Another important aspect in time series is frequency of data. The stock market data can be obtained at a yearly, monthly, weekly, hourly, by every minute, or perhaps even every second. For our analysis, we will be looking at the closing stock price at a daily level since Jan-2007.

Although Yahoo Finance directly sources its data from exchanges, understanding the data generating process for the stock prices is not simple. In simple words, based on number of people willing to buy the stock in both the deliveries and options market, the stock price is computed by the exchange.

Exploratory Data Analysis

In this section, we shall explore the different elements of the time series. We shall check for the completeness of data. And then, we also check for any potential data quality issues such as missing data, erroneous data, etc. We end this section by visualizing the data as a time series and making some notable observations.

Library requirements

Throughout the analysis, we shall be using the following libraries -

library(quantmod)
library(dplyr)
library(lubridate)
library(tidyverse)
library(vtable)
library(sjPlot)
library(MASS)
library(tseries)
library(forecast)
library(prophet)

Loading the dataset

The dataset is obtained by the publicly available data from Yahoo finance using the R library ‘Quantmod’. The getSymbols() function from the library is used to input the data.
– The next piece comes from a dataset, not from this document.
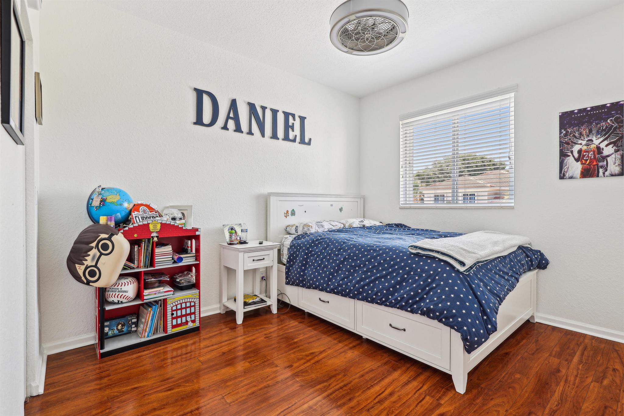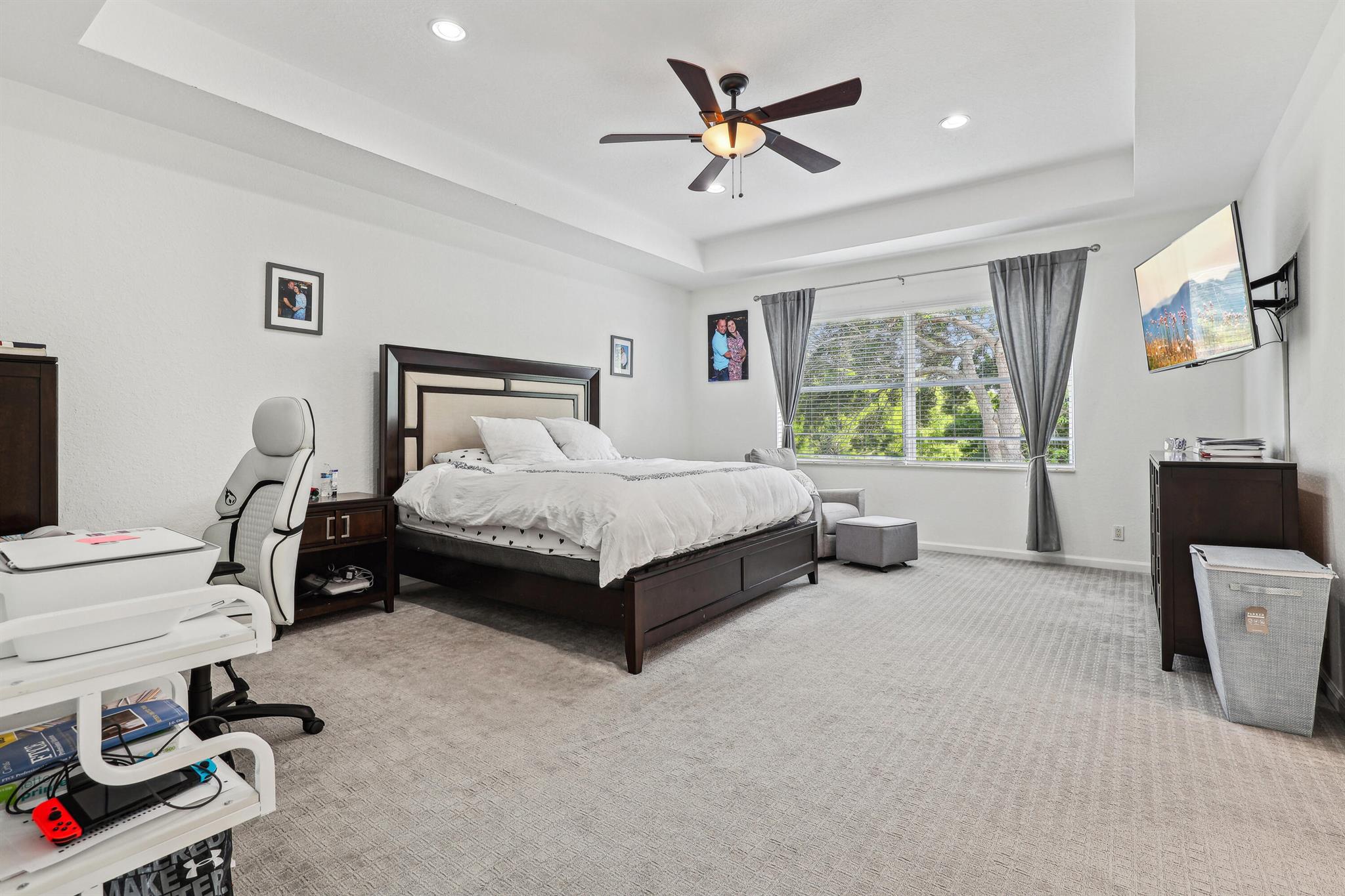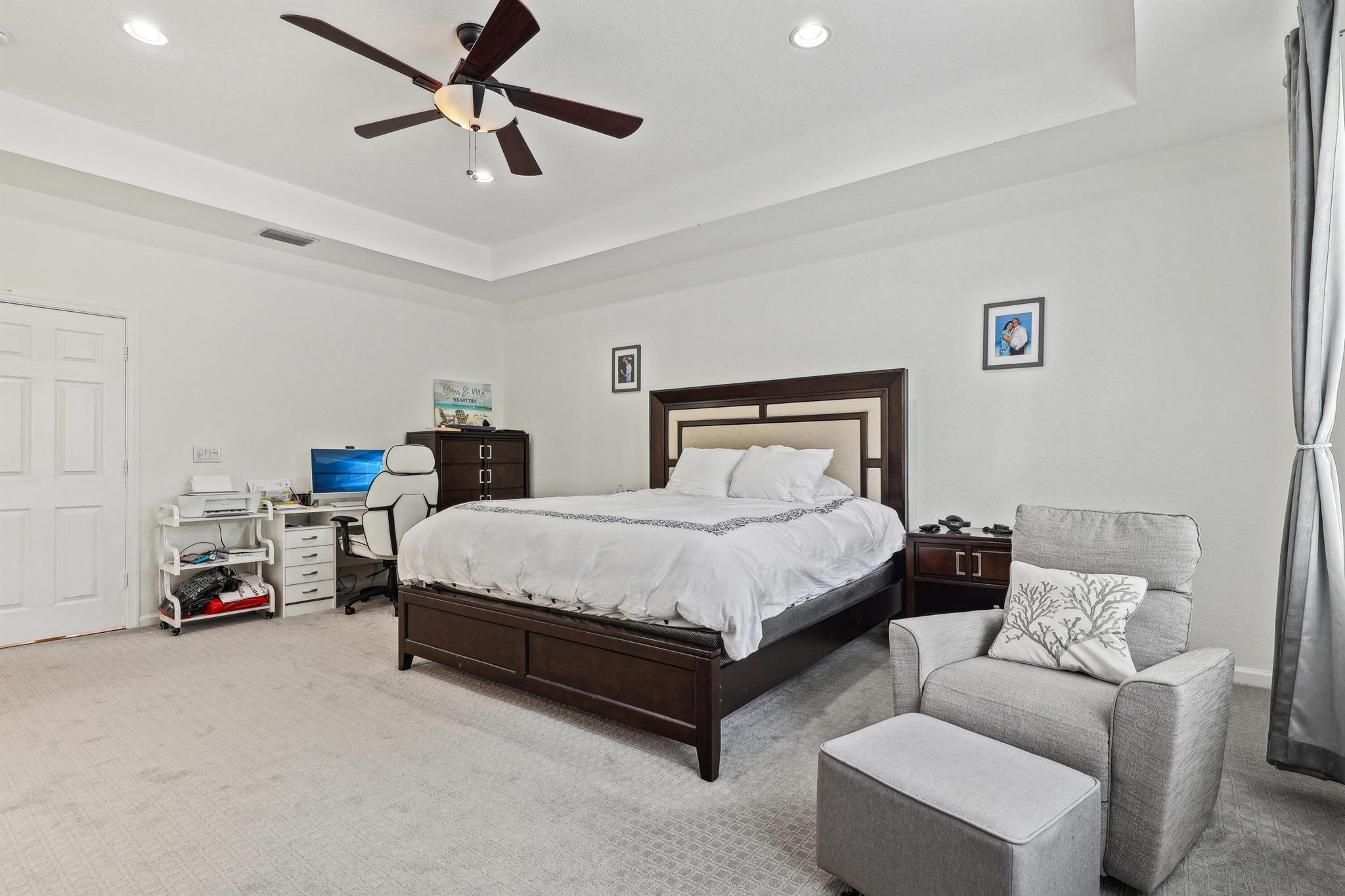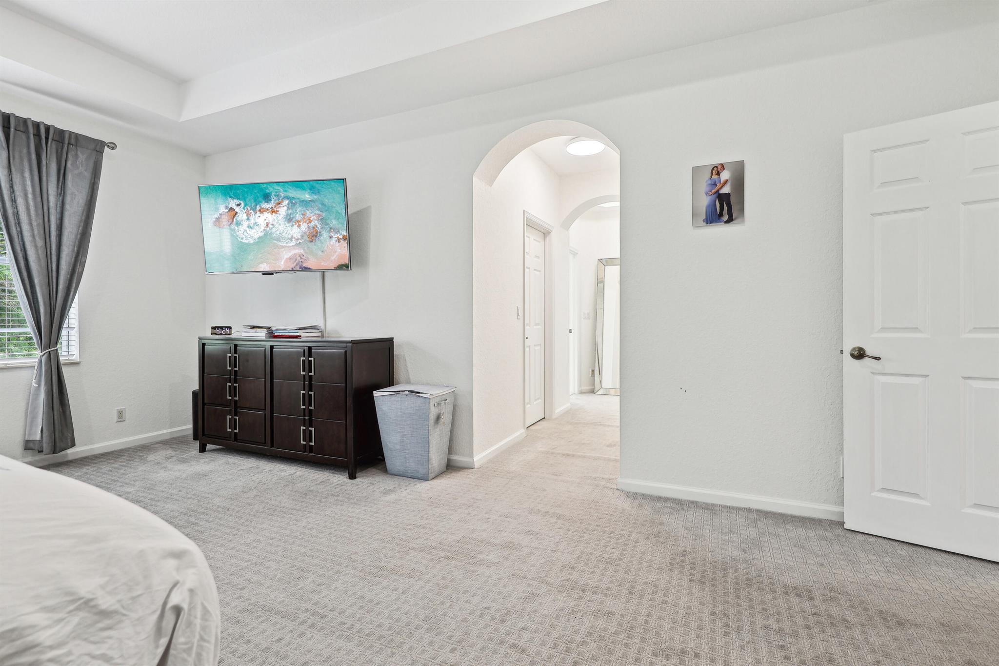 Experience refined living in this expansive 5-bedroom, 3.5-bathroom residence, nestled within the prestigious gated community of Palmyra Estates. Spanning over 3,100 square feet, this two-story home boasts soaring 10-foot ceilings, 8-foot doors, and an abundance of natural light that accentuates its open-concept design.The kitchen is a chef’s dream, featuring stainless steel appliances, granite countertops, and custom wood cabinetry. Entertain guests in the spacious living and dining areas, or enjoy the flexibility of a large upstairs loft–perfect for a media room, playroom, or home office.Retreat to the oversized master suite, complete with dual walk-in closets and luxurious his-and-hers bathrooms, each with its own vanity, private toilet, a walk-in shower

getSymbols("GOOGL", src = "yahoo")

## [1] "GOOGL"

GOOGL <- dplyr::select(data.frame(date = index(GOOGL), coredata(GOOGL)), c('date','GOOGL.Close'))
head(GOOGL)

##         date GOOGL.Close
## 1 2007-01-03    234.0290
## 2 2007-01-04    241.8719
## 3 2007-01-05    243.8388
## 4 2007-01-08    242.0320
## 5 2007-01-09    242.9930
## 6 2007-01-10    244.9750

Exploration

We start with an introductory exploration looking at the length and breadth of our data. Then, we look for any missing values and inconsistencies. We then look at the summary of the dataset to get an overall picture of the spread of data.

#No. of observations
nrow(GOOGL)

## [1] 3815

There are in total 3789 dates for which we have stock closing price.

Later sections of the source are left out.